=== PROVIDED RECORDS ===

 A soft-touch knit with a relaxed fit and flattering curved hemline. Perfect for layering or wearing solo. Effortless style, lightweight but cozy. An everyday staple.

===
=== PROVIDED RECORDS ===

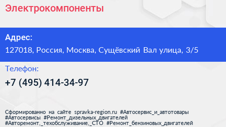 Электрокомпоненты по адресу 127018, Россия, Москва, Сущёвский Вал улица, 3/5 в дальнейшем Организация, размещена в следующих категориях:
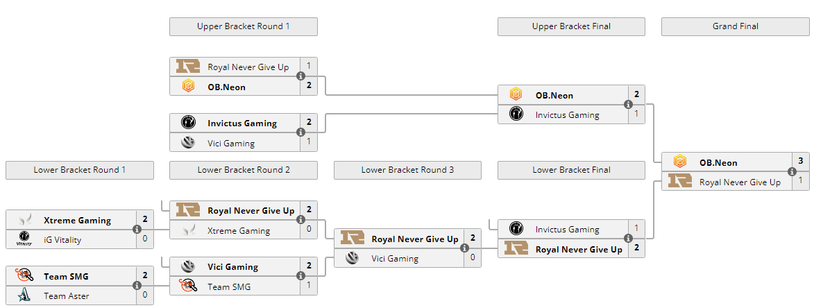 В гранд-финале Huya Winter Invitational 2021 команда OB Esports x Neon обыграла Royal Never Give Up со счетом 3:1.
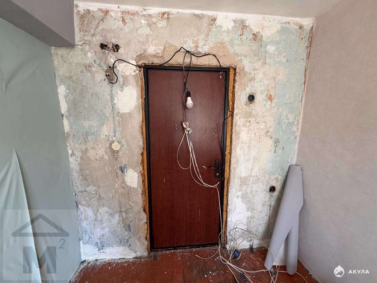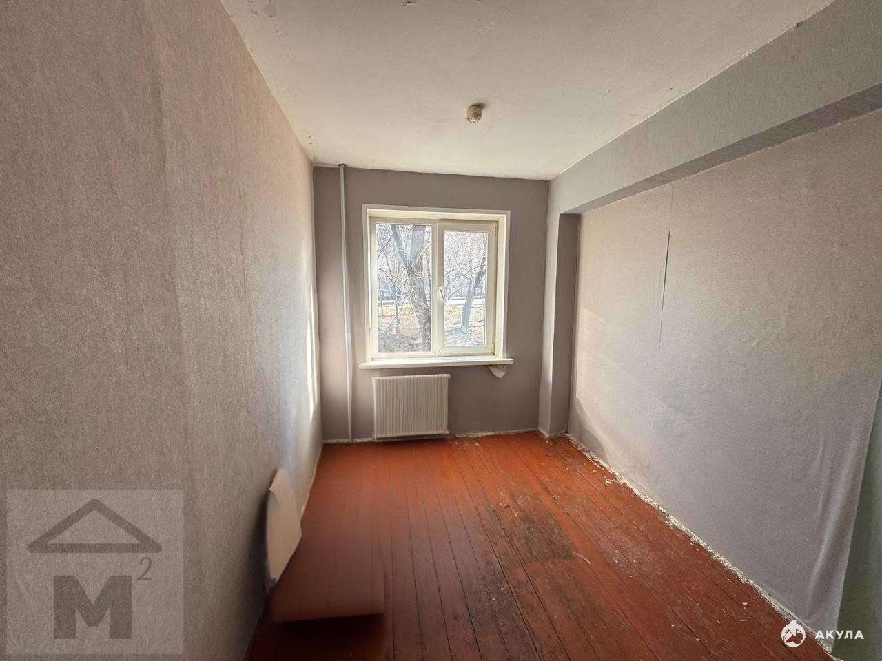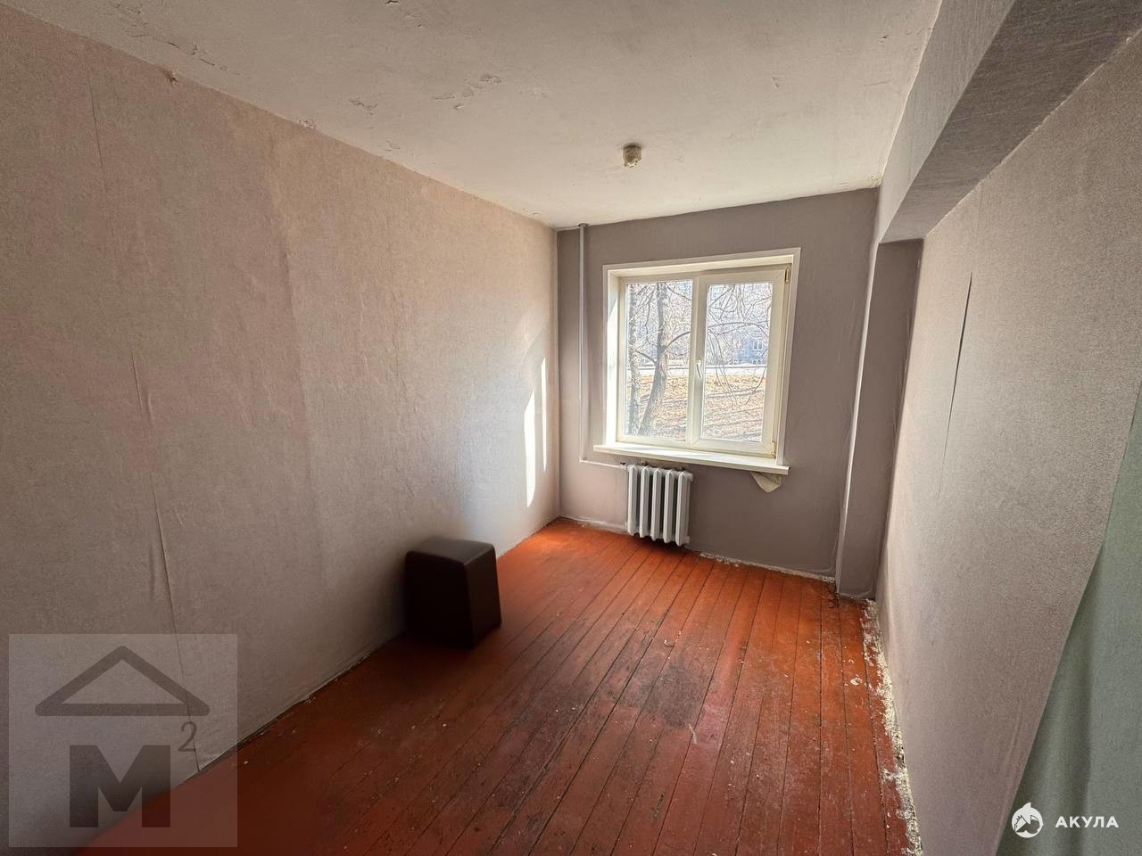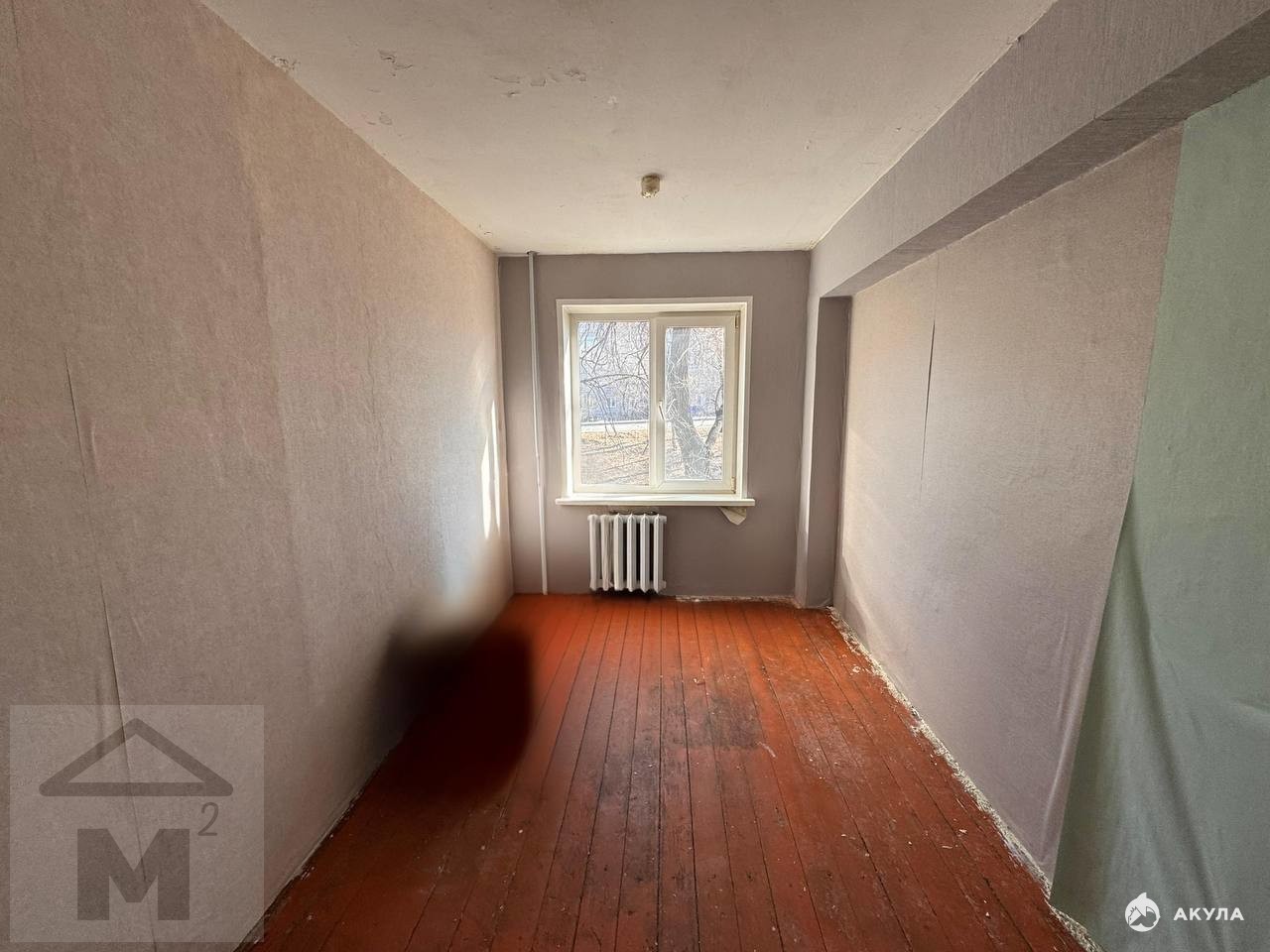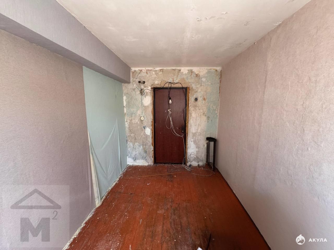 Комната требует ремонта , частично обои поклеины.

===

YOUR INSTRUCTIONS ::
Nothing except the lines from the one containing "Электрокомпоненты по адресу" through the one containing "Комната требует ремонта" should appear in the answer, exactly as above and without pictures.

ANSWER TO THIS EXERCISE ::
 Электрокомпоненты по адресу 127018, Россия, Москва, Сущёвский Вал улица, 3/5 в дальнейшем Организация, размещена в следующих категориях:
 В гранд-финале Huya Winter Invitational 2021 команда OB Esports x Neon обыграла Royal Never Give Up со счетом 3:1.
 Комната требует ремонта , частично обои поклеины.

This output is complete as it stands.